**To do**. Find, in the records below, the line that contains "Комплект тормозных колодок, стояночная" and the line that contains "今日は音楽朝会がありました。全体で「まっかな秋」を歌った後、1年生が". Copy those two lines and everything between them exactly, but not the pictures.

**Records to use**.
*** Block opens ***

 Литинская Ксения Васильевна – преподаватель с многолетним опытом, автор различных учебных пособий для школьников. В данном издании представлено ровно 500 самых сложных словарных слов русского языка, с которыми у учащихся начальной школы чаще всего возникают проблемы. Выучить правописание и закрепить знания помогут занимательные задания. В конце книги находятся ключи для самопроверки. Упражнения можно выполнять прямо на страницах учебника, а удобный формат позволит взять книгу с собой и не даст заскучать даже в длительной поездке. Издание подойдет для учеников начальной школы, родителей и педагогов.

*** Block closes ***
*** Block opens ***

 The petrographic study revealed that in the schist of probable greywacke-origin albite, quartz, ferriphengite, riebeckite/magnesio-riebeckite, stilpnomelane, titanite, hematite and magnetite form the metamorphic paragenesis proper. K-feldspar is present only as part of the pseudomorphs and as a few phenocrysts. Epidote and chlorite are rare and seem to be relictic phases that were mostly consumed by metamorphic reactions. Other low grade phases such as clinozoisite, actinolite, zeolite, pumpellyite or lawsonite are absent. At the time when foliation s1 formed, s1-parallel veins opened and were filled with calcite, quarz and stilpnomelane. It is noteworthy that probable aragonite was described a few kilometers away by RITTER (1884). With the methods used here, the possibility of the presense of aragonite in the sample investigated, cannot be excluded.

*** Block closes ***
*** Block opens ***

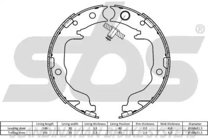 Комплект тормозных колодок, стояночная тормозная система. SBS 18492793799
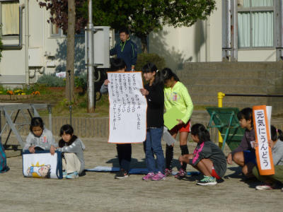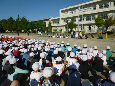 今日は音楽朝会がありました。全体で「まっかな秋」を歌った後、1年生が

*** Block closes ***

**Response**.
 Комплект тормозных колодок, стояночная тормозная система. SBS 18492793799
 今日は音楽朝会がありました。全体で「まっかな秋」を歌った後、1年生が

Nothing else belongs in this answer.